I was studying the L40 and RTX 6000 Ada technical data sheets and wondering about the different FP16/FP8 TFLOP specs.
According to the data sheets, both GPUs are Ada-based, feature 4th Gen TensorCores, and have 18,176 CUDA Cores as well as 568 TensorCores. Apart from minor GPU frequency and VRAM differences, the GPUs should then have roughly equal FP32, FP16, and FP8 throughput?
However, the L40 datasheet says:
FP16: 181 / 362 (sparse) TFLOPs
FP8: 362 / 724 (sparse) TFLOPs
Whereas the RTX 6000 Ada does not specifically list FP16/FP8 performance but rather just “1457 TFLOPs TensorCore performance” and then states in the footnote that this is FP8/sparsity.
So why does RTX 6000 Ada have double the FP8 peak performance in comparison to L40? I would have expected the L40 (datacenter) to at least be similar in speed.
Furthermore, what would the non-sparsity FP8 performance of RTX6000 Ada?
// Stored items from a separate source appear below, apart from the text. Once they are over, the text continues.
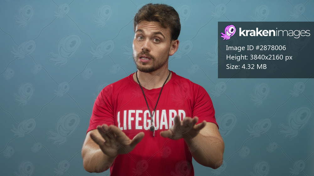 Young hispanic man lifeguard with whistle and hands palms out gesturing stop in blue studio; safety duty caution.
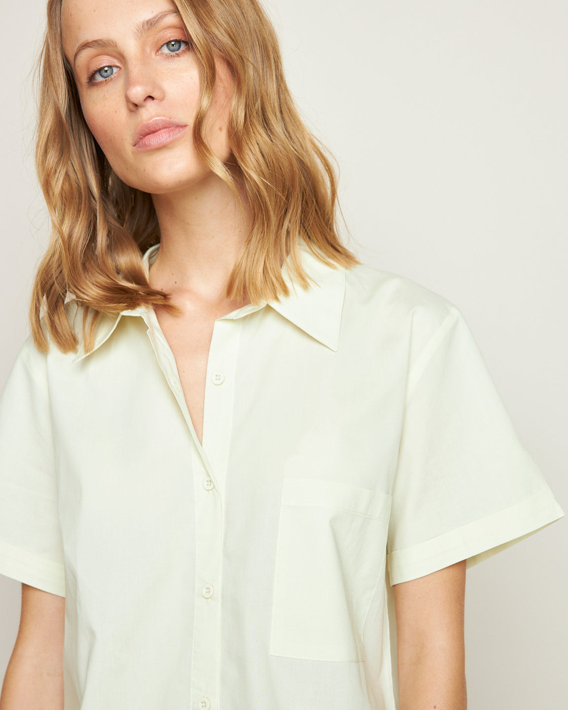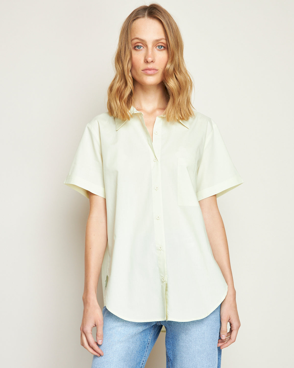 YELLOW SHORT SLEEVE COTTON BLOUSE
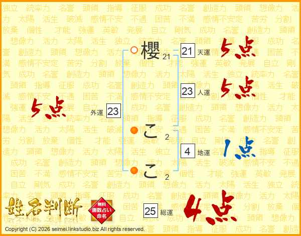 櫻ここさんの総運は25画の4点!
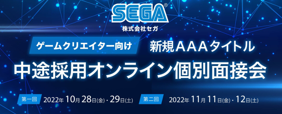 セガの中途採用オンライン個別面接会を開催。デザイナーやプログラマーなどゲームクリエイターが対象に
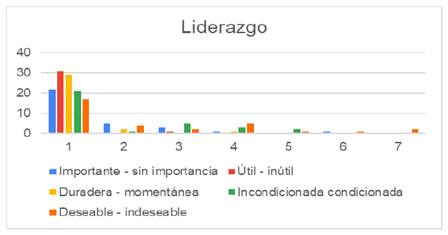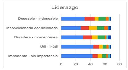 En las figuras 17 y 18, se presentan los resultados que arroja sobre la percepción de los estudiantes de ambas licenciaturas con respecto al valor de liderazgo.
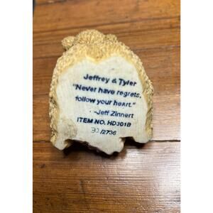 -3" Tall, "Never have regrets, follow your heart" Teddy bear with boy and a ball figurine.
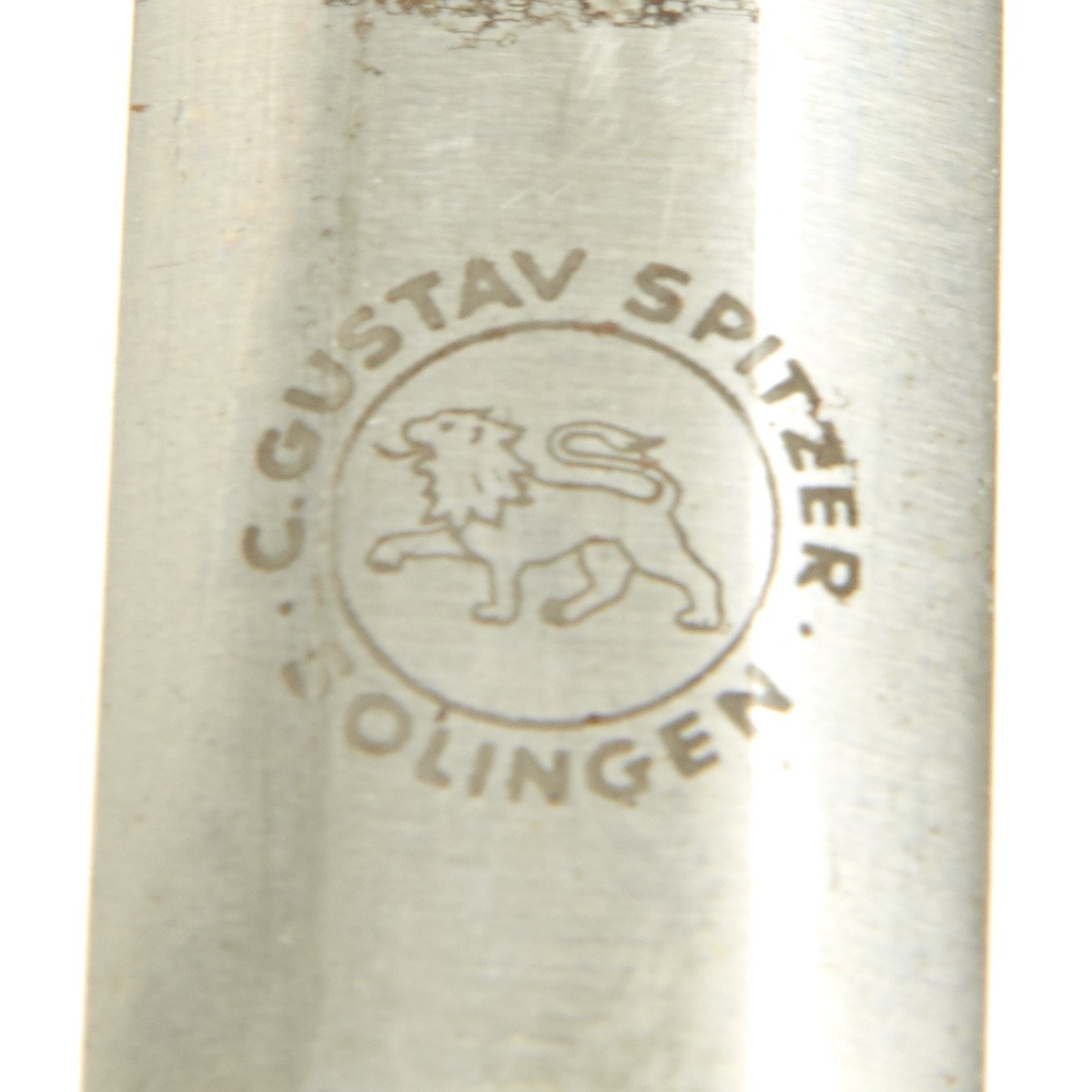 The blade is still bright, having most of the crossgrain in the surfaces and needle-like tip. There are some minor age spots which could possibly come out with a little work as they do not look deep. The reverse ricasso is etched with the familiar trademark with the firm's name and location in capital letters, C. Gustav Spitzer Solingen. Inside is a well defined prancing lion who holds his left front paw high in the air, with a wagging tail and a flickering tongue. A great trademark here! The original brown leather washer is in place.
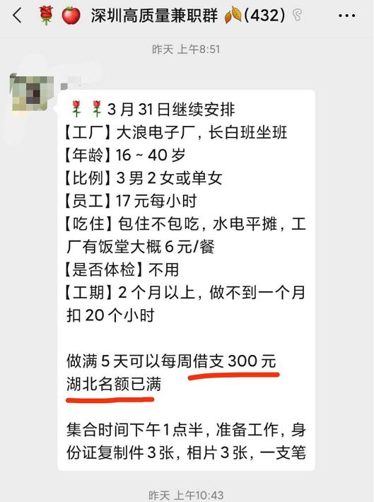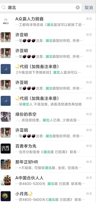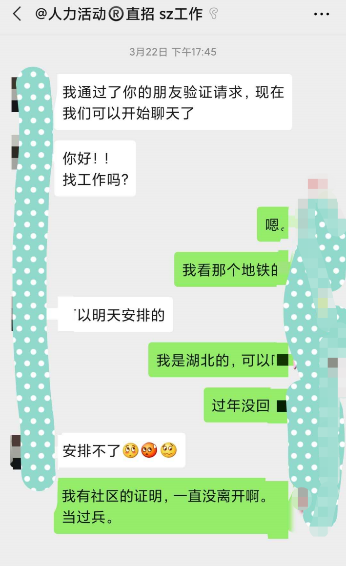然而即使在如此缺人的情况下,中小工厂对待湖北籍工人的态度却出奇一致:拒接、勿扰、湖北名额已满,没有任何商量的余地。以深圳为例,只有少数日结零工和不需要坐班的工作会招收春节期间留深的湖北籍工人,这对数量庞大的湖北籍返岗务工人数来说是杯水车薪。
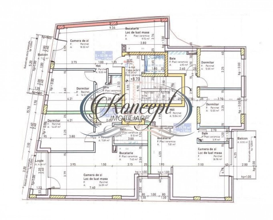 Koncept Imobiliare va ofera spre vanzare un apartament cu 3 camere intr-un imobil nou, situat in zona Semicentrala, in imediata apropiere a Pietei Mihai Viteazu. Acesta este situat la etajul 2, are suprafata de 77,8 mp utili plus un balcon de 8,5 mp si este compartimentat in: living open space cu bucataria si loc de servit masa, 2 dormitoare, 2 bai si balcon. Cladirea este una moderna ce indeplineste toate standardele actuale nZEB, cu termoizolatie de 15 cm, tamplarie PVC 7 camere, tripan, bagheta calda si filtru de protectie solara, sistem de incalzire in pardoseala Rehau, dispozitive de contorizare separate a consumului individual/apartament, usa metalica antiefractie, cu izolare termica si fonica, inchidere in 6 puncte, balcoane si terase finisate cu granit si sticla securizata, interfata smart de control a temperaturii interioare etc. De asemenea, se poate achizitiona un loc de parcare subteran la pretul de 20.000 euro+tva. Apartamentul se recomanda datorita locatiei foarte bune, dar si al calitatii constructiei si a facilitatilor pe care le ofera. Pentru informatii complete, pentru programarea unei vizionari sau pentru a afla oferta noastra completa nu ezitati sa ne contactati telefonic, prin email sau la sediul agentiei noastre pe strada Aviator Badescu nr. 19, Cluj-Napoca Id intern: P19780

Half like in all the other cases? It is not stated in the datasheet.
Last but not least: RTX 6000 Ada datasheet does not state FP16 performance at all. Does it not support FP16 Ops?
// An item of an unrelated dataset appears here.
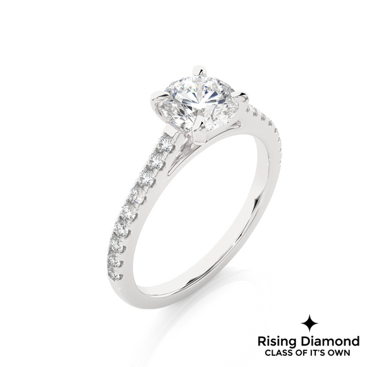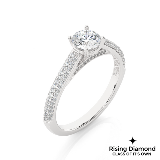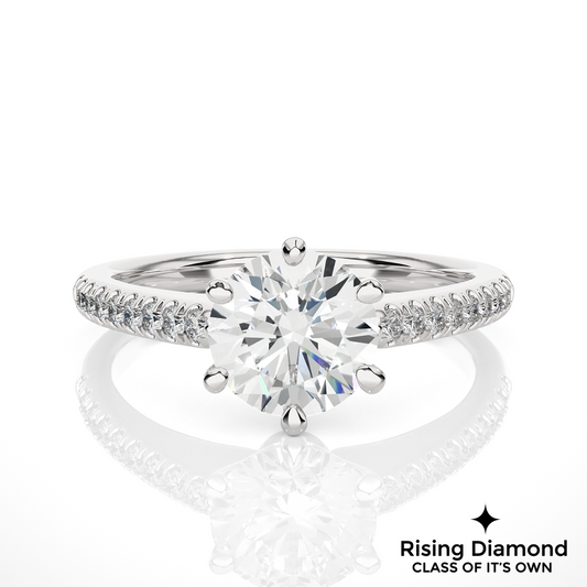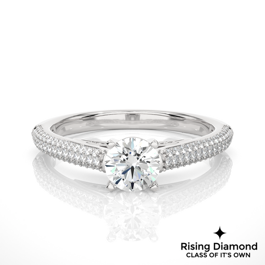 1.58 Ct Round Cut Colorless Moissanite Pave Engagement Ring
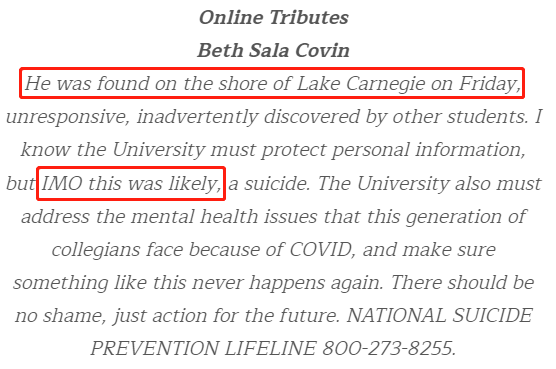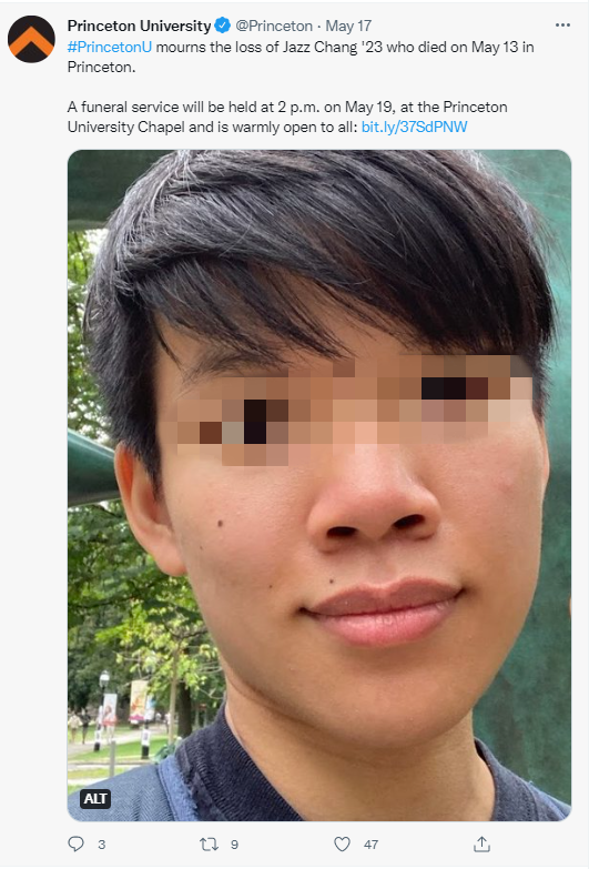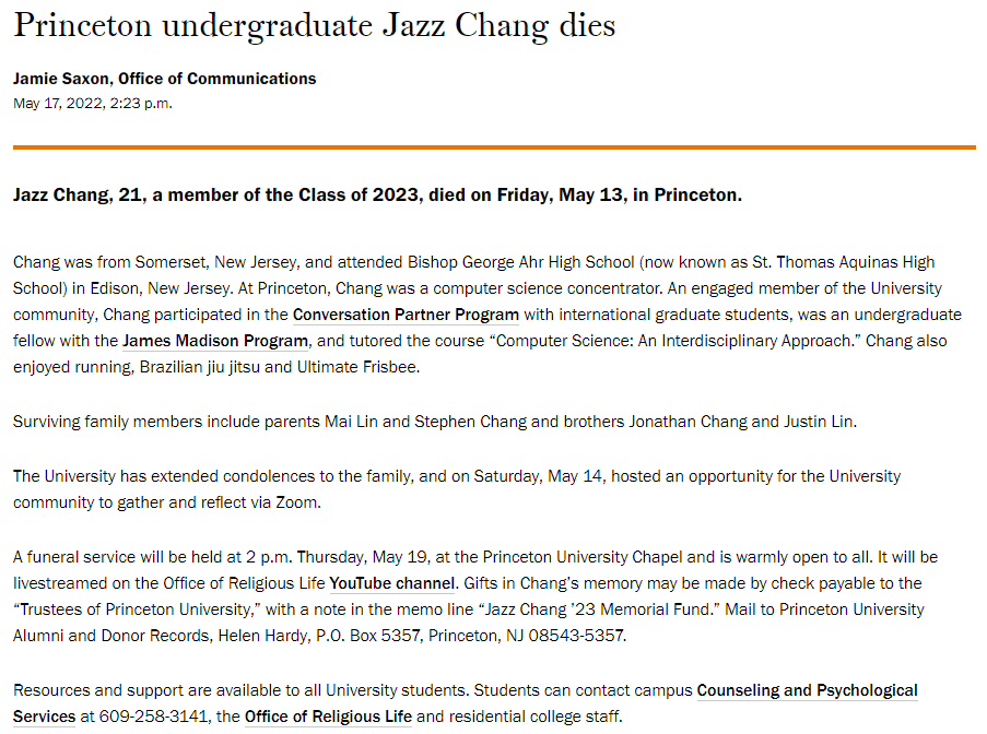 21岁华裔男生突然离奇死亡!网友透露:陈尸校园湖边!疑因抑郁自杀!2022-05-20 |作者:vancouverheadline | 来源:温哥华头条华人温哥华头条Loading...分享:#华裔学生#普林斯顿大学 痛心啊! 又一名华裔学生, 告别了这个世界! 而他的年龄永远定格在了21岁。 根据普林斯顿大学推特消息, 现年21岁的Jazz Chang, 于5月13日被发现, 殒命在普林斯顿大学内。 网友们祝愿Jazz能安息。 随后,普林斯顿大学官网 也发布了讣告, 对Jazz的去世表示哀悼。 讣告中,学校表示, Jazz来自新泽西州, 生前在普林斯顿大学, 计算机科学专业就读。 他即将于2023年毕业。 在校园中,Jazz十分积极、敬业, 他参加了国际研究生合作项目, 并辅导他人学习专业课程。 Jazz爱好广泛, 喜欢跑步、巴西柔术, 和极限飞盘运动。 Jazz在家中有两个兄弟: Jonathan Chang和Justin Lin。 以及他们的父母: Mai Lin和Stephen Chang。 在讣告中, 学校官方并没有提及 Jazz是在何处被发现, 以及死因是什么。 在一个名为DeathObits的网站上, 一名网友透露, Jazz的是在卡内基湖边, 被其他学生发现的。 当时他已经没有了意识。 这名网友认为Jazz是自杀的。 学校需要解决现在大学生们 因为新冠疫情而面临的 心理健康问题, 以防类似事件再次发生。 今天下午2点, 普林斯顿大学在校内大教堂, 为Jazz举行了葬礼, 并在YouTube同步直播, 为了那些无法到达现场的人, 一同怀念Jazz。 Jazz生前挚友 在怀念好友离去时十分悲痛, 一度泣不成声。 希望学校能调查清Jazz的死因, 让他能在天堂安息。 远在海外的广大留学生们, 日常生活中不仅要注意人身安全, 也要注意自己和周围朋友的 心理健康问题。 要及时和家人朋友交流沟通。 来源:加拿大留学生问吧 责任编辑:林伯儒 平台:温哥华头条 微信ID:Vancouverheadline 阅读 未经允许不得转载:加拿大乐活网 »21岁华裔男生突然离奇死亡!网友透露:陈尸校园湖边!疑因抑郁自杀!分享:

Hello @daniel.speck ad welcome to the NVIDIA developer community!
You are right, the underlying architecture is very much similar beside a small difference in Bandwidth, and most performance numbers are the same even on the datasheet.
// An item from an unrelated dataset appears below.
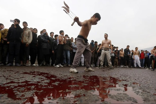 Et c’est une tradition Chiite qui s’appelle l’Achoura et dont on a d’ailleurs à Reims des images, puisque nous sommes quand même à Reims, sur une radio rémoise, nous avons une collection de photos de cette cérémonie, si je puis dire, prise par Hugues Krafft dans le Caucase à la fin du XIXème quand il a fait son voyage là-bas. On voit très bien sur ces photos que les policiers russes du Tsar se contentent avec des cannes d’empêcher les types, couverts de sang, de se taper trop fort sur le crâne. vous voyez un peu l’ambiance. Je sais bien que le clergé chiite a interdit cette cérémonie barbare en Iran mais elle persiste à Kerbala en Irak et tout simplement à Kaboul en Afghanistan.
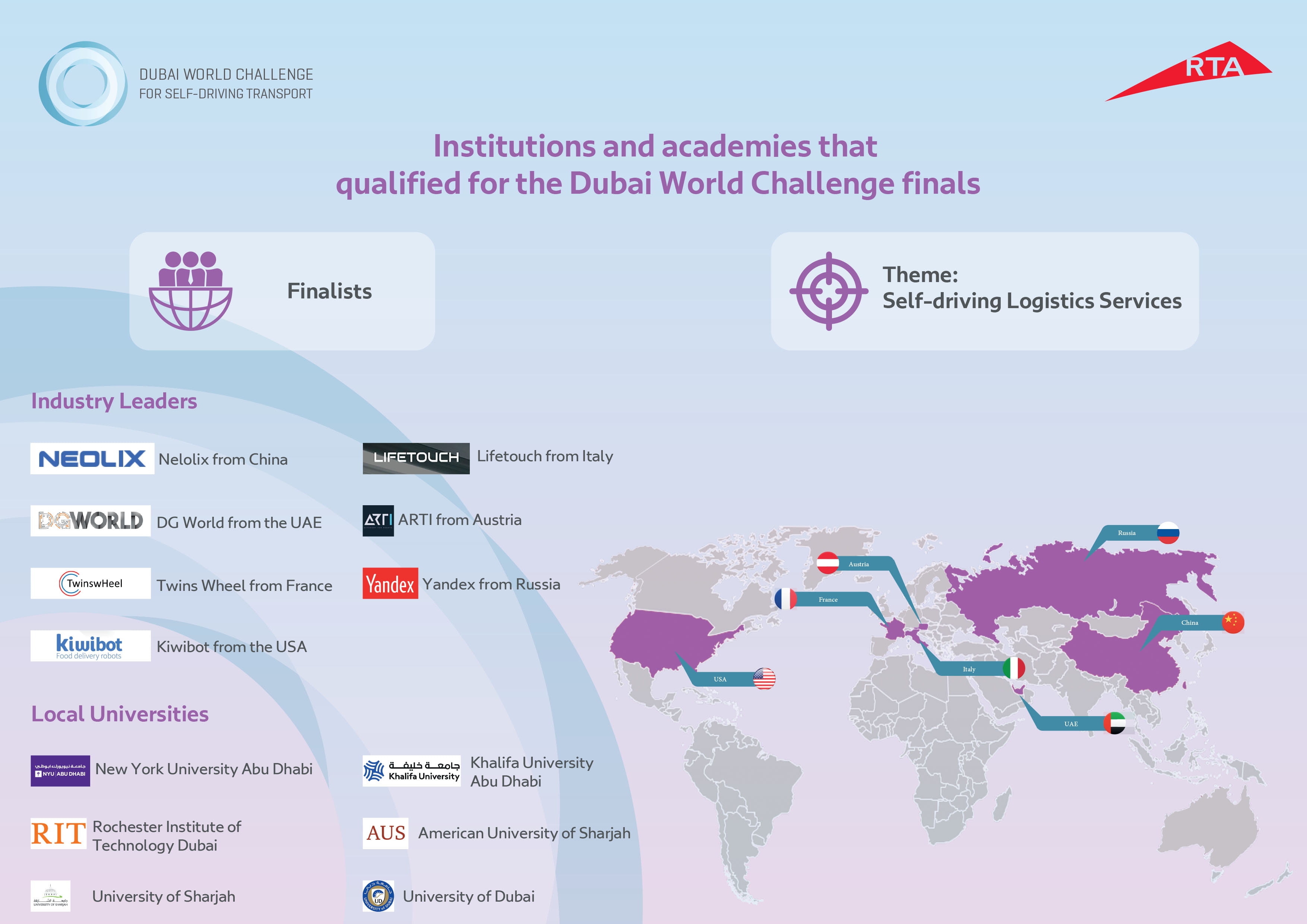 “Following the decision of the international judges panel chaired by Dr. Stephen Schladover- an international expert and Chair of the Judges Panel of the Dubai World Challenge for Self-Driving Transport, seven global companies have qualified for the final stage of the Challenge in the category of Leading Companies, namely: Neolix from China, Life Touch from Italy, and DG World from United Arab Emirates, Arti from Austria, Twins Wheel from France, Yandex from Russia, and Kiwi Bot from the United States of America,” revealed Al Tayer.

But the overall board design is very much different since they are targeting different use-cases with different system constraints regarding cooling, Multi-GPU and vGPU setups etc. For those reasons alone there is a certain difference in specs to be expected.
That said, the double peak performance in FP8 that you infer can be also be related to other factors, one of which might be as simple as a typo in the datasheet, which I am trying to find out now.
And in case you are considering buying one or the other, you should get into contact with our or our partners’ sales support and clarify your questions. They will be much better qualified to identify your needs and what solution might fit your requirements.
Sure, but does this really extend to FP16, for example, not being available on the RTX 6000 Ada?
Yes, I am considering buying RTX 6000 Ada or L40 atm. Multiple actually. We are in contact with an official NVIDIA partner for that but they actually linked to the datasheets, thus my question here.
To be precise: for a research project we are currently looking at different 4x/8x GPU server setups of which we want to buy multiple and consider RTX 6000 Ada and L40 atm.
Sure, but does this really extend to FP16, for example, not being available on the RTX 6000 Ada?
Oh, I didn’t say that, sorry if it sounded that way. To my knowledge there is no reason why RTX6000 Ada would not support FP16 for example through CUDA. It is simply not pointed out specifically in the data sheet for some reason.
May I ask where you are situated? It might be a good idea if you ask the NVIDIA partner if they can get you in contact with a local/regional Solutions Architect directly from NVIDIA.
However, I think it would be good for everyone stumbling upon this thread here to know if whether there was a typo on the datasheets and what the correct FP8/FP16 speeds for both GPUs (L40 and RTX 6000 Ada) would be.
The short answer is that the spec details in the respective PDF files are correct.
They are not written in a way to be directly comparable because those GPUs serve completely different needs.
To learn more about which target workload of the different product areas fits your specific requirements bets you need to get into contact with a regional sales representative.
I am sorry if this does not exactly answer your question.